Nous savons aussi qu’une partie du public continue d’hésiter à sortir dans des lieux publics, soit pour des raisons économiques (de quoi demain sera-t-il fait?) soit par crainte sanitaire. Nous savons également que les artistes du fado, comme tous leurs collègues du spectacle vivant, paient un lourd tribut, cette année, aux conséquences de la pandémie. Si celles et ceux qui ont une autre activité salariée ont peut-être pu les supporter, les autres qui se consacrent uniquement à leur art vivent des moments difficiles, d’autant que très peu — vraiment très peu — d’entre eux peuvent bénéficier du statut un peu — vraiment un peu — protecteur d’intermittent du spectacle. Un statut, soit dit en passant, qui n’existe pas pour leurs collègues officiant au Portugal où, là aussi, le fado et la culture en général sont en souffrance.
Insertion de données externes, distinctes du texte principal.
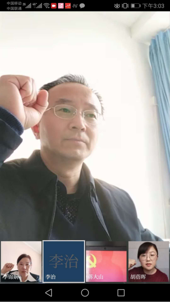 首先由蒋大山同志领誓,全体党员重温了入党誓词,然后观看了视频《党章青年说》。随后,党总支书记陈力同志带领全体党员教师学习了习近平总书记《在中央政治局常委会会议研究应对新型冠状病毒肺炎疫情工作时的讲话》精神及河南省教育厅厅长郑邦山在河南省新冠肺炎疫情防控专题现场新闻发布会上的讲话,要求全体党员教师要发挥先锋模范作用,坚定信心,打赢疫情防控狙击战。党总支副书记赵骅同志带领大家学习了开封市教育局相关会议和文件精神。袁长征院长带领研讨即将开展的网络教学工作及毕业生实习论文指导工作中的主要问题,要求党员教师将上级文件精神融入实际工作之中,充分利用各种在线开放课程平台保证教学质量。之后,全体党员填写了电子版的党员积分表并交纳党费。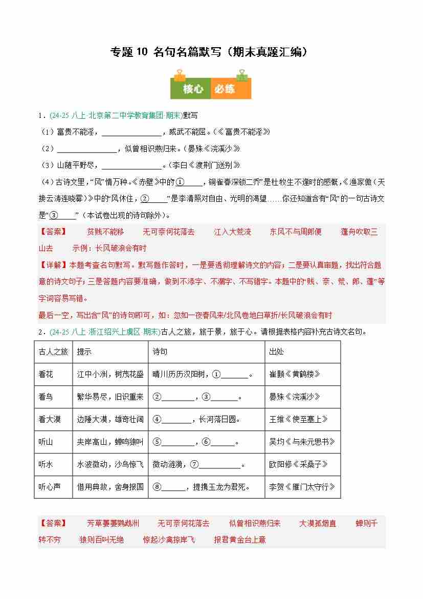 专题10 名句名篇默写(期末真题汇编)八年级语文上学期新教材统编版(解析版)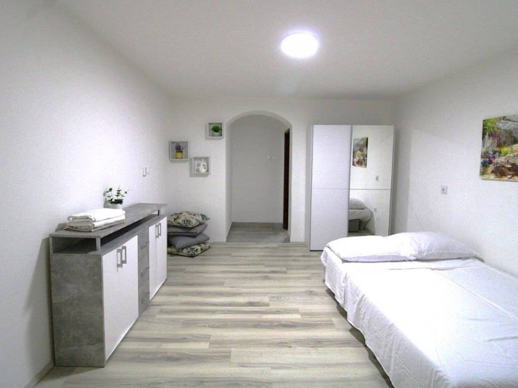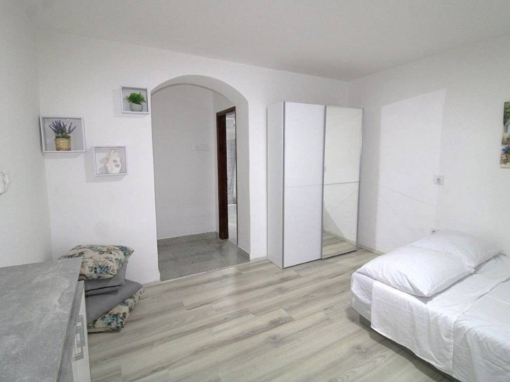 Apartment for sale in Poreč, only 850 m from the sea. This property is a great opportunity, located on the ground floor.The apartment has a surface area of 94 m, divided into 2 apartmentsand the layout includes for the smaller apartment; hallway, living room, bathroom and kitchenThe larger apartment consists of a hallway, kitchen and dining room, two bedrooms and a bathroom.The apartment is actually a large apartment of 94m2 divided into 2 smaller ones.With minor interventions, the apartment can be easily restored to its original condition.It has a part of the yard and one parking spaceThe location is very practical, considering the proximity of all essential amenities such as shops, cafes and other services, which are just a few steps away. An ideal opportunity for a pleasant life or an investment in tourism!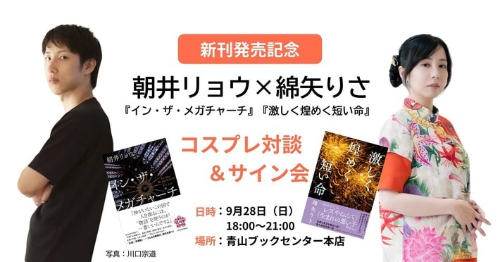 綿矢りささんの集大成とも言える恋愛長編小説『激しく煌めく短い命』(文藝春秋)と朝井リョウさん作家生活15周年記念作品である『イン・ザ・メガチャーチ』(日経BP 日本経済新聞出版)の発売を記念して、「綿矢りさ×朝井リョウ コスプレ対談&サイン会」を、9月28日(日)18時~、青山ブックセンター本店にて開催いたします。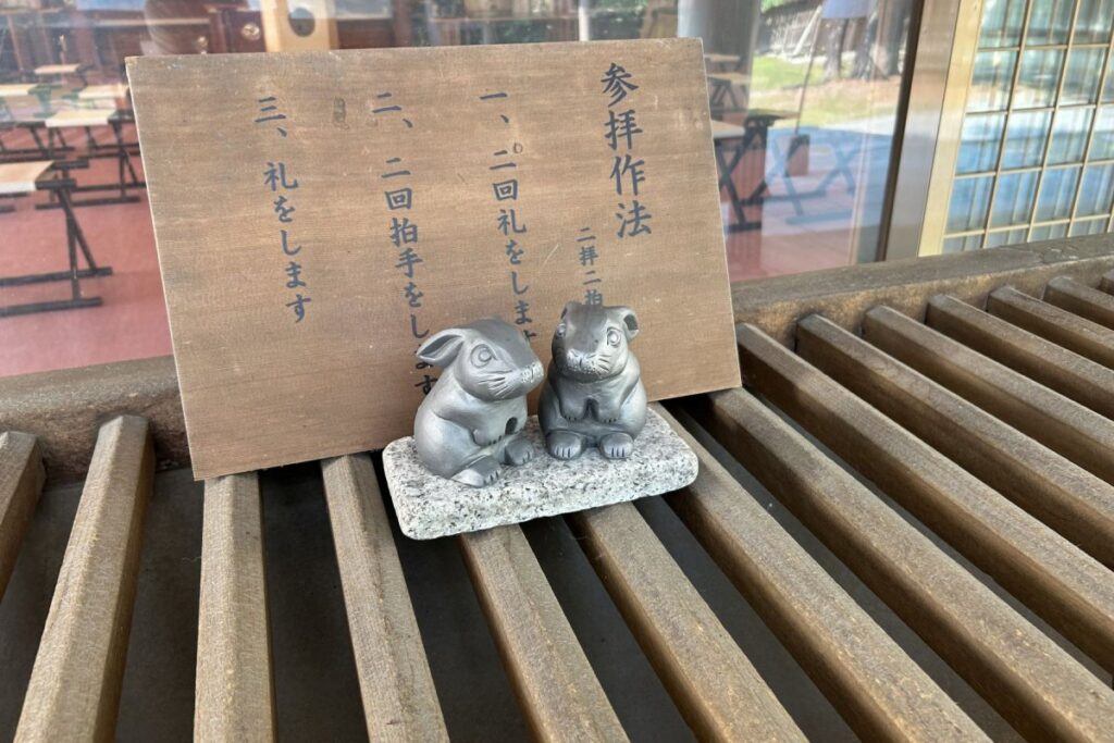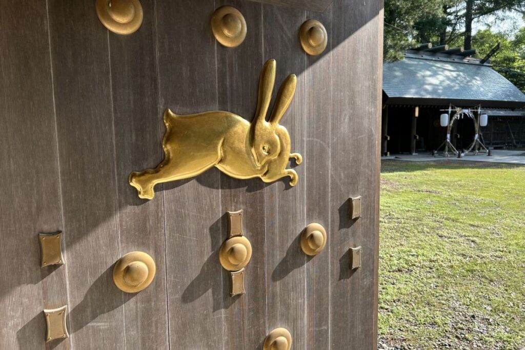 このうち大那牟遅神は出雲大社のご祭神「大国主命(おおくにぬしのみこと)」と同じ神で、大黒様ともいわれます。神話「因幡の白うさぎ」でうさぎを助けた神様です。これにちなんで、帯広神社には境内のあちこちに「隠れウサギ」がいるのです。2010年の御鎮座100周年を記念し、「卯」の方角である東門に金色のウサギを取り付けたのが始まりです。今では東門と賽銭箱の上など計5カ所にウサギが置かれています。境内を散策がてら、探してみるのも楽しいですよ。

Du côté des concerts des «stars» du fado dans notre pays, peu d’éclaircies en vue. Notez cependant, car cela vaudra le déplacement, un festival fado en avril (oui, il faut être patient) au Théâtre Paul Eluard** à Bezons, concocté par nos amis de Viavox, avec Ricardo Ribeiro, l’une des toutes meilleures voix du fado aujourd’hui, Carla Pires (un miracle de délicatesse) et le projet de fado expérimental « Lina-Raul Refree » alliant la voix captivante de la fadiste Lina Rodrigues et les trouvailles électro de l’espagnol Raul Refree.

Nous espérons bien sur que ce début encore fragile va se développer au fil des jours. En attendant, pour celles et ceux qui le peuvent, rendez-vous au Portologia (attention, nombre de places limitées) avec Lucia, Jenyfer, Filipe, Casimiro, Pompeu, plus du fado vadio, et votre serviteur qui ne saurait manquer ça.

* Portologia, 42 rue Chapon, 75003 Paris. Infos: 09.52.59.22.29

** Théâtre Paul Eluard, 162 rue Maurice Berteaux, 95870 Bezons. Infos: 01.34.10.20.20


  1. Saudade est un mot portugais, du latin solitas, atis, qui exprime un sentiment complexe où se mêlent mélancolie, nostalgie et espoir. Saudade est considéré comme un mot portugais difficile à traduire, au point que la création d’un néologisme français a même été envisagée. Le dictionnaire français Larousse le définit comme « sentiment de délicieuse nostalgie, désir d’ailleurs », mais il n’y a pas de mot exact qui corresponde à Saudade en français.